107 営火
寒くなった。月は没し、われらの周囲には幾つかの赤き火光が揺れている。街道の路面は暗がりの中に沈んでいた。どのみち歩くのは無理だ。路外に火を焚いて、夜の明けるのを待つほかなかった。
焚き火する場所を探していると、歩兵聯隊の将校が声を掛けてきた。
「いっしょにどうですか?」
おおよそ一箇大隊ほどの数百名が、大きな露営火を囲んでいた。われらは極々の心底より謝意を述べつつ、その環に加えて貰った。腰を落ち着けて四辺を見渡すと、街道の両側に幾つかの露営火が見えた。
「ありふれた物ですが……」
誘ってくれた将校に、口一杯まで火酒を詰めた水筒を差し出したところ、
「おっ、これは有り難い」
と、一口飲んだ。そして、露営火で沸かした湯で茶を淹れて、われらに振る舞ってくれた。私は熱い茶を少し口に含んで、ようやく生きた心地になれたのだった。遙か南方には、火災による赤色の火光が薄々ながら見えた。西方にては、付近の停車場が燃えているらしく、やはり火光が見えた。
露営火を囲む環に紛れ込んできた連絡将校は
「誰もしらぬのですよ、何処に、何があるか」
と、呆れ顔をして言った。
「つい先刻、第2軍の司令部を探し当てましてね」
そこには命令を伝達すべき相手である聯隊長が来ているはずだった。たまたま司令官のカウリバルス将軍が捕虜となった日本兵を尋問していたところへ、その連絡将校が入って行き
「失礼します、第7猟兵聯隊長殿はおられませんか」
そう尋ねてみたところ
「第7猟兵聯隊の聯隊長なら、この俺だ」
と応じたので、すぐさま用件を伝えようとしたが、聯隊長は
「命令なら受けかねる」
などと言う。部下たちが、いま、何処で、どうしているか、まったく判らないのだそうだ。その挙げ句に
「なあ、君、俺の聯隊は何処に居るか知らないか?」
と、言われた。
そんな話を聞き流すうち、私は露営火の温もりで眠りに誘われた。すでに眠っていた同僚医官セルジュコフの脛を枕とし、半毛皮衣で脚部を覆い、安楽な姿勢をとることが出来た。そのとき、私を呼び止めてくれた将校が、連絡将校との間で、ここ数日の戦況を語り合っていた。
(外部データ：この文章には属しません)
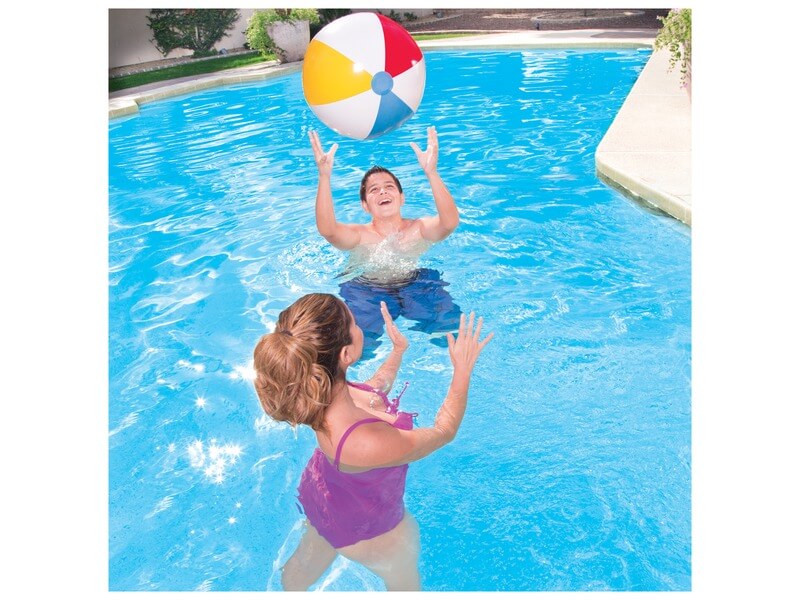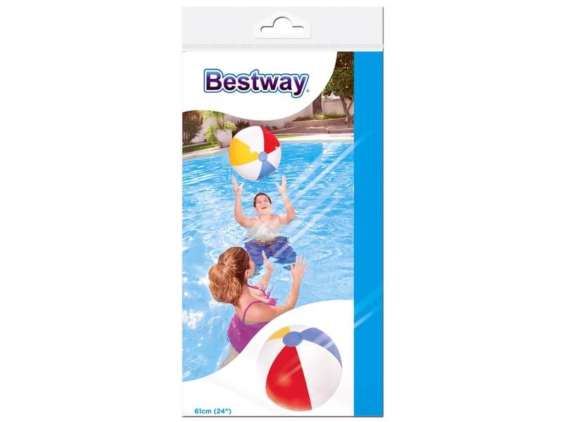 Retró felfújható strandlabda, a medencében való labdázáshoz! A Felfújható csíkos strandlabda a régi időket idézi piros-sárga kék csíkjaival. A labda dobáláshoz kiváló, a labdát biztonsági szelepen keresztül tudod könnyedén felfújni. Átmérő: 61 cm.

「会戦前まで、奉天には重砲を備えた砲兵中隊が居たのですよ。ところが2月19日に突然居なくなったのです。何処へ行ったと思いなさるか? 鉄嶺へです」
鉄嶺は奉天の北方に位置する街で、要は前線から遠ざけたということだ。
「要するに重砲を逃がしたのです。戦う前から負けて逃げることしか考えなかったのでしょう、重砲が日本軍に鹵獲されるのを恐れたのです」
果たして戦うための重砲であるか、戦いを避けてでも無事に持ち帰りたくなるほど大事な物だと言うなら、いったい何のために遠い遠い本国から運んできたのか判らぬ話だ。私は、殆ど眠りに落ちかけていたが、その話を聞いているうちに目が冴えてしまった。
「われわれ猟兵は、三日間も砲兵の掩護なしで戦いました。日本軍は当然のように榴霰弾を放つけれども、われわれは小銃だけで応戦したのです」
だとすると、軍のお偉方としては、猟兵一箇聯隊を犠牲にしてでも、何門かの重砲を逃がそうとしたということになろう。